» **ACTIVITY**
The expected output is exactly the lines below, starting at the line with "1.4 This standard" and ending at the line with "Au final, j'ai", both included; no other line belongs in it.

» **RECORDS FOR THE TASK**

============

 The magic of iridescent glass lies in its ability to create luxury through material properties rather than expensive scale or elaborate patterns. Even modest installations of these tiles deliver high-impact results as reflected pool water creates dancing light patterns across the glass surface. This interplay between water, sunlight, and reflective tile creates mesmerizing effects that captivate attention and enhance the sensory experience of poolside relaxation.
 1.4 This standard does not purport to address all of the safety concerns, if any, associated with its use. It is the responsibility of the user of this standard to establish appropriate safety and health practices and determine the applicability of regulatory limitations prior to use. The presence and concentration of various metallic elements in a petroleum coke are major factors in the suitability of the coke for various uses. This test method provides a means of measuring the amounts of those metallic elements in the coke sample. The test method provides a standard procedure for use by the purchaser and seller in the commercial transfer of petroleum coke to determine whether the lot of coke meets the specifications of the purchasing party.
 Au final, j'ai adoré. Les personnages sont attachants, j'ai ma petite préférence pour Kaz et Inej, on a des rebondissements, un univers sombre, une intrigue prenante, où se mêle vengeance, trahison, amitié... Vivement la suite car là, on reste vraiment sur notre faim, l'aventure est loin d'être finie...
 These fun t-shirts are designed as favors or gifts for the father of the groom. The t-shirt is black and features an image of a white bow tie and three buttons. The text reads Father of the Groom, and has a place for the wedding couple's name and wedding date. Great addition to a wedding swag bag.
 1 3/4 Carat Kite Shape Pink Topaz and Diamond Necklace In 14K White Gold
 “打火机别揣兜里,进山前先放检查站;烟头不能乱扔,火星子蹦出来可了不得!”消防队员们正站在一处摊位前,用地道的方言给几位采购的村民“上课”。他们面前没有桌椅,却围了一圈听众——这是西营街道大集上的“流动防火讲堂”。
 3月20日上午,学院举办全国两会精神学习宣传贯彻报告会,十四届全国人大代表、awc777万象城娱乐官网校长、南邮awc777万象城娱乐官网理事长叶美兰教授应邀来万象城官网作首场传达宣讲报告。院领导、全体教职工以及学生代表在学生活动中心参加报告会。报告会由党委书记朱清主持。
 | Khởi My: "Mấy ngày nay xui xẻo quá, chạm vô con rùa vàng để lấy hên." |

============

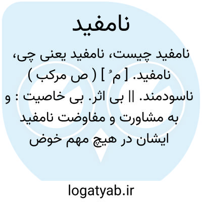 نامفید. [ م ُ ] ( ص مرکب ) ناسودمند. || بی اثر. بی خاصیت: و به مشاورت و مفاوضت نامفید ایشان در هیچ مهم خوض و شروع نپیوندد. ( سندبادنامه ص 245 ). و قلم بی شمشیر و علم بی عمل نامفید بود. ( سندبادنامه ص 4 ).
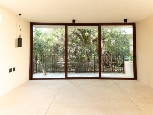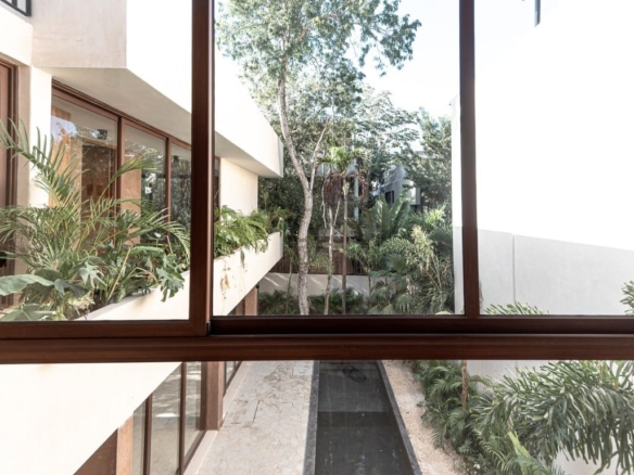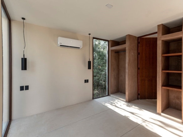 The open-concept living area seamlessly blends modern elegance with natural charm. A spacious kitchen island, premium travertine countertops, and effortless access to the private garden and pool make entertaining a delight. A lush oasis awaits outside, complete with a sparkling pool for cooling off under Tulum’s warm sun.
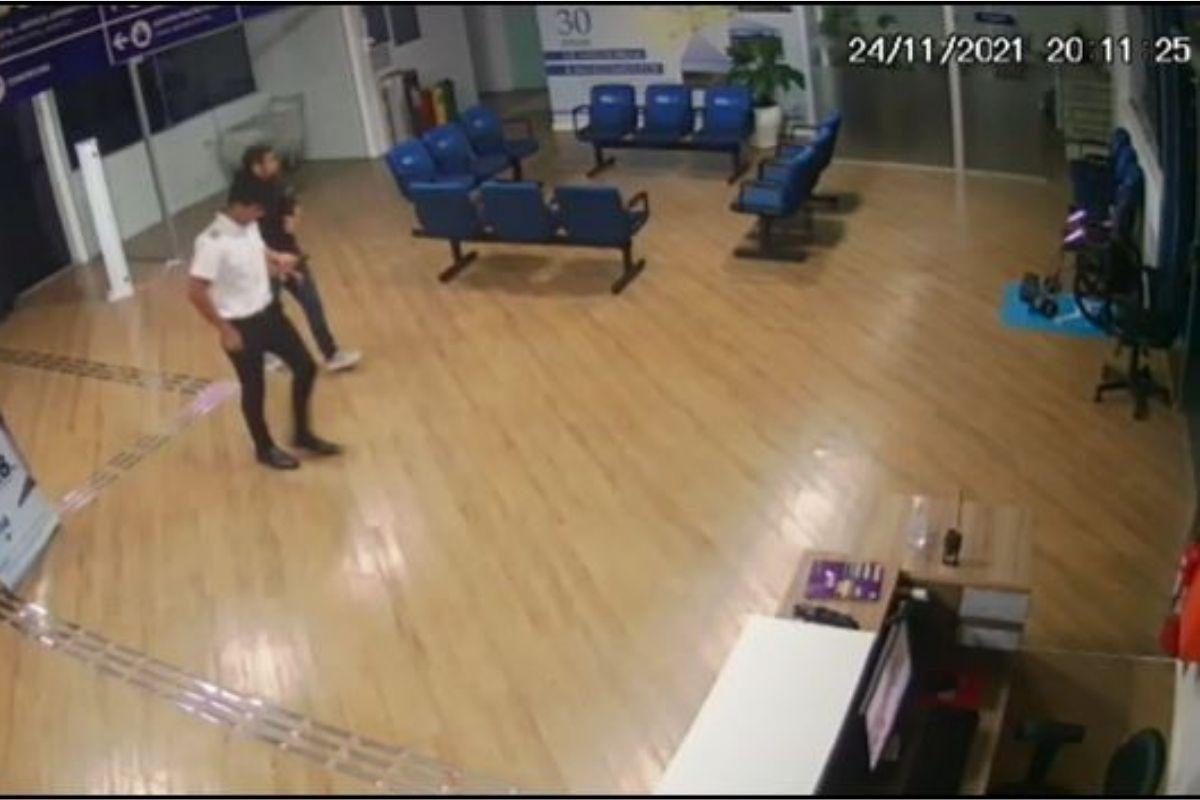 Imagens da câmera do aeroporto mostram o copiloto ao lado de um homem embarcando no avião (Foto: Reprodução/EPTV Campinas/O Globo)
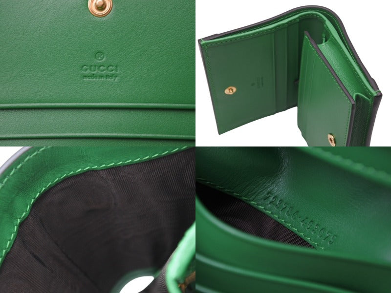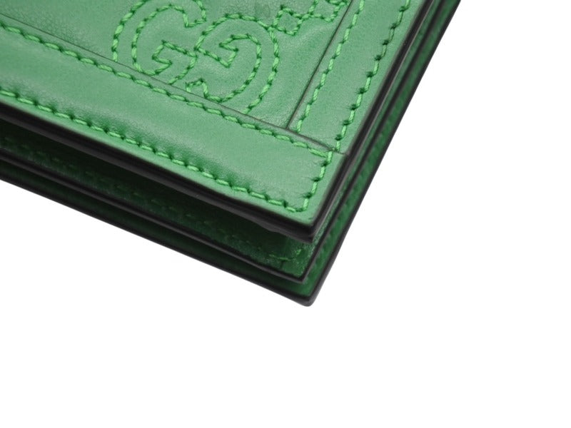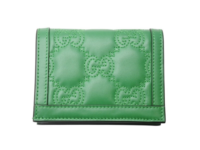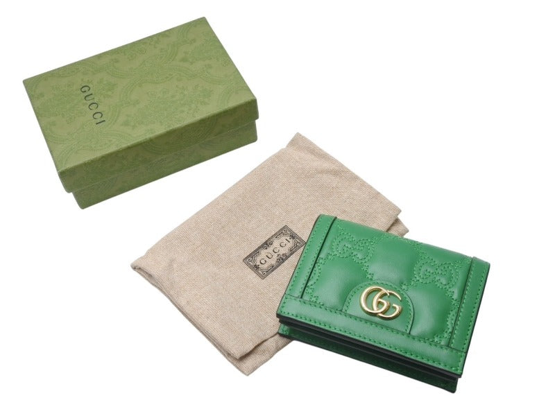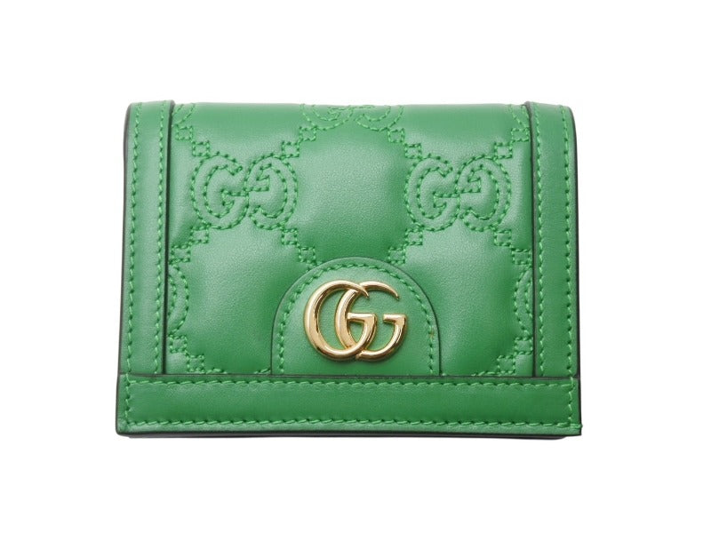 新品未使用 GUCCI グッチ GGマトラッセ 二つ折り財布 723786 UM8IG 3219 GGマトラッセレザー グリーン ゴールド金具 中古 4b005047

============

» **EXERCISE OUTPUT**
 1.4 This standard does not purport to address all of the safety concerns, if any, associated with its use. It is the responsibility of the user of this standard to establish appropriate safety and health practices and determine the applicability of regulatory limitations prior to use. The presence and concentration of various metallic elements in a petroleum coke are major factors in the suitability of the coke for various uses. This test method provides a means of measuring the amounts of those metallic elements in the coke sample. The test method provides a standard procedure for use by the purchaser and seller in the commercial transfer of petroleum coke to determine whether the lot of coke meets the specifications of the purchasing party.
 Au final, j'ai adoré. Les personnages sont attachants, j'ai ma petite préférence pour Kaz et Inej, on a des rebondissements, un univers sombre, une intrigue prenante, où se mêle vengeance, trahison, amitié... Vivement la suite car là, on reste vraiment sur notre faim, l'aventure est loin d'être finie...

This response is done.